**Task item**.
Each line from the one containing "suits your needs." to the end of the material below is to be restated exactly, with pictures skipped.

**Recorded data**.
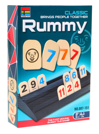 | | Rodzinna, logiczna gra Rummy to propozycja dla dzieci od trzeciego roku życia. Celem gry jest wyłożenie na stół wszystkich swoich kostek ze stojaka do gry. Gracze tworzą różne kombinacje kostek i dopasowują je do układu na stole. Gra daje mnóstwo radości i wyzwala kreatywność. Zasady gry Mieszamy kostki i układamy je numerem w dół na stole. Każdy gracz losuje jedną kostkę. Osoba z najwyższym wylosowanym numerem na kostce rozpoczyna grę, a gra przebiega zgodnie ze wskazówkami zegara. Następnie odkładamy wszystkie kostki z powrotem na stół i układamy je w blokach po siedem kostek a ostatni będzie miał 8 kostek. Bloki są przydzielane do graczy, 2 bloki na gracza razem 14 kostek. Kostki pozostałe po przydziale stanowią pule. Gracz ustawia kostki na tabliczce w taki sposób by inni zawodnicy nie widzieli ich. Jeżeli wśród otrzymanych kostek gracz otrzyma trzy kostki o takim samym numerze lub kolorze (np. dwie czerwone trójki, dwie niebieskie szóstki, dwie czarne dwunastki), ma prawo poprosić o ponowne rozdanie kostek wszystkim graczom. Gra polega na wykładaniu na stół utworzonych przez gracza serii lub grup kostek. Seria składa się z co najmniej trzech kostek o kolejnych numerach w jednym kolorze. Grupa natomiast to trzy lub cztery kostki z tym samym numerem w różnych kolorach. W zestawie są dwie uśmiechnięte buźki które zastępują każdą kostkę brakującą do utworzenia grupy lub serii i mają taką samą wartość jak kostka którą zastępują. Gracz może wyłożyć na stół swoje kostki gdy zgromadził jeden lub kilka układów o łącznej wartości co najmniej 30 punktów. Jeżeli gracz nie ma układów pozwalających na wyłożenie kostek na stół, bierze z puli jedną dodatkową kostkę. W następnej kolejce po otwarciu gry, gracz może dokładać swoje kostki do układów leżących na stole, musi jednak wyłożyć w każdym ruchu co najmniej jedną kostkę ze swojej tabliczki. Jeżeli nie może tego zrobić losuje kolejną kostkę z puli. Obowiązuje limit czasu dwie minuty na każdy ruch. Jeżeli gracz nie zdąży w tym czasie, musi wziąć z puli dodatkową kostkę. Gra kończy się gdy jeden z graczy wyłoży na stół wszystkie kostki ze swojej tabliczki. Następnie gracze zliczają punkty. Przegrany sumuje numery jakie pozostały mu na tabliczkach i zapisuje je ze znakiem minus. Zwycięzca zapisuje sumę punktów pozostałych graczy ze znakiem plus. Jeżeli gracz w chwili zakończenia ma na swoim stojaku znaczek z uśmiechniętą buźką dostaje dodatkowe minus sto punktów na swoje konto. |
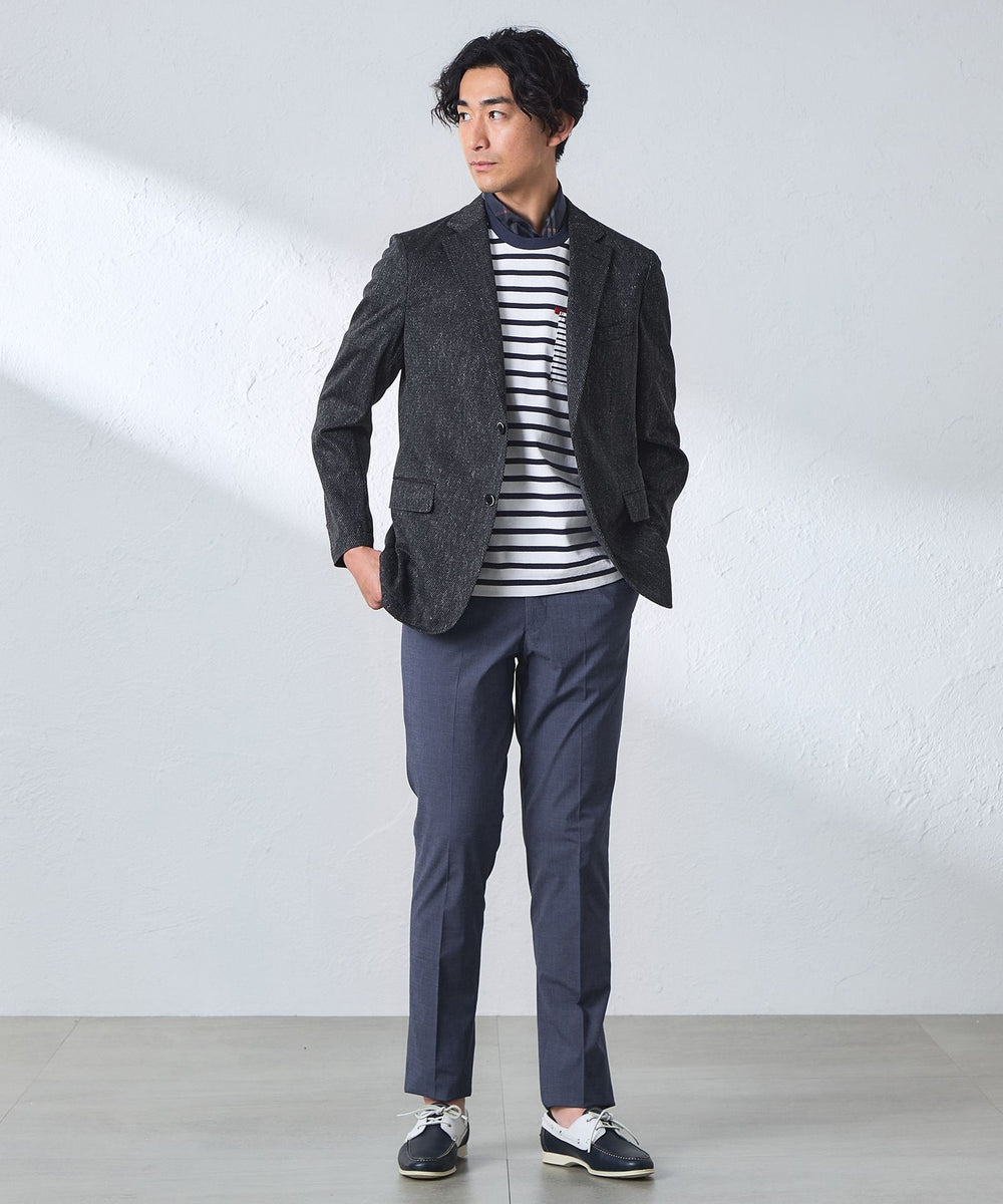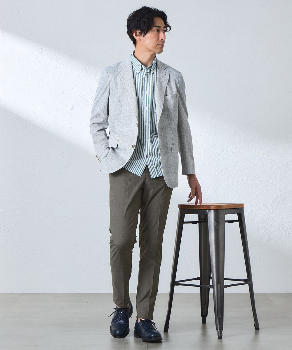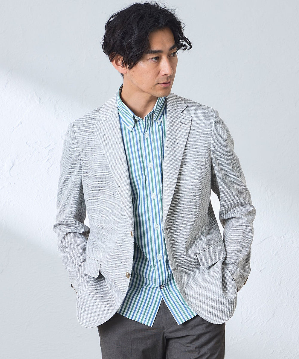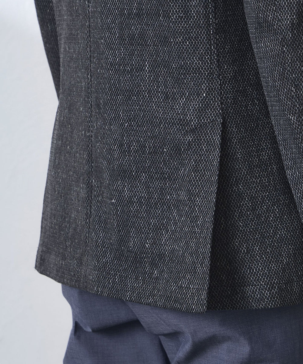 麻・ポリエステル・綿を組み合わせることで、自然な風合いと適度なハリを持たせています。
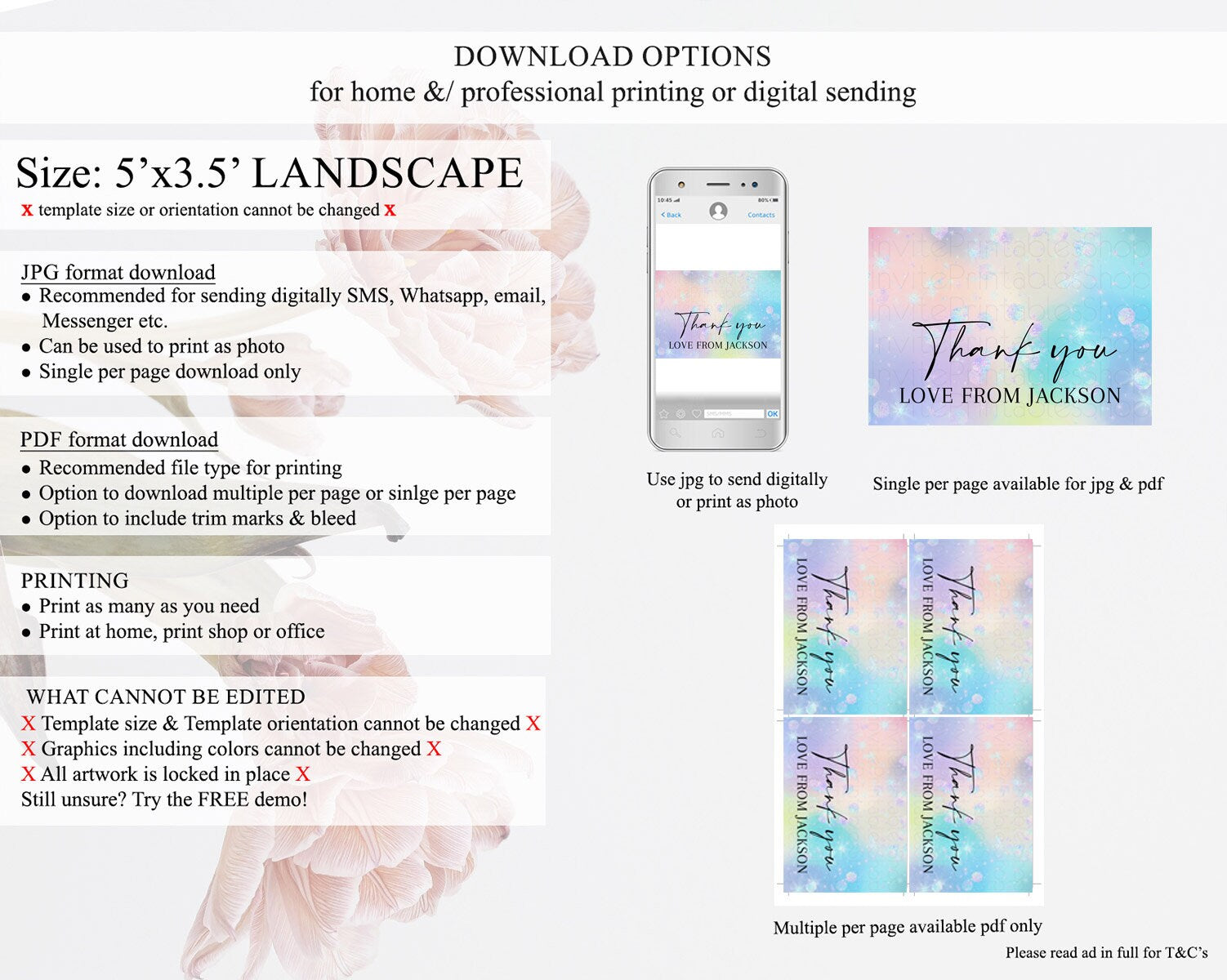 • Template size & orientation cannot be changed. Please use the demo link to confirm this product suits your needs.
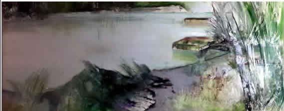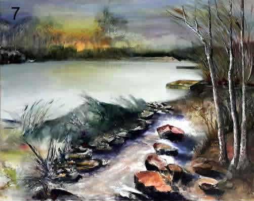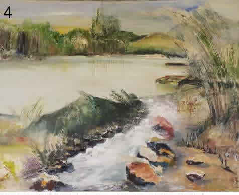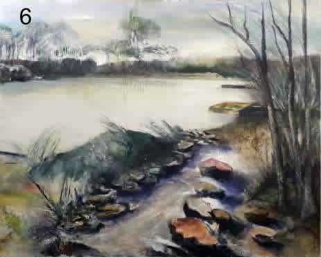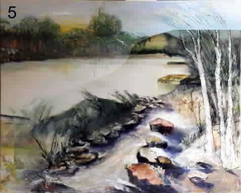 Progression (a feeling that the background trees are too dense, I painted over the white acrylic. One of the abilities of acrylic, to change and/or enhance the mood of the painting)

**Output for this task**.
 • Template size & orientation cannot be changed. Please use the demo link to confirm this product suits your needs.
 Progression (a feeling that the background trees are too dense, I painted over the white acrylic. One of the abilities of acrylic, to change and/or enhance the mood of the painting)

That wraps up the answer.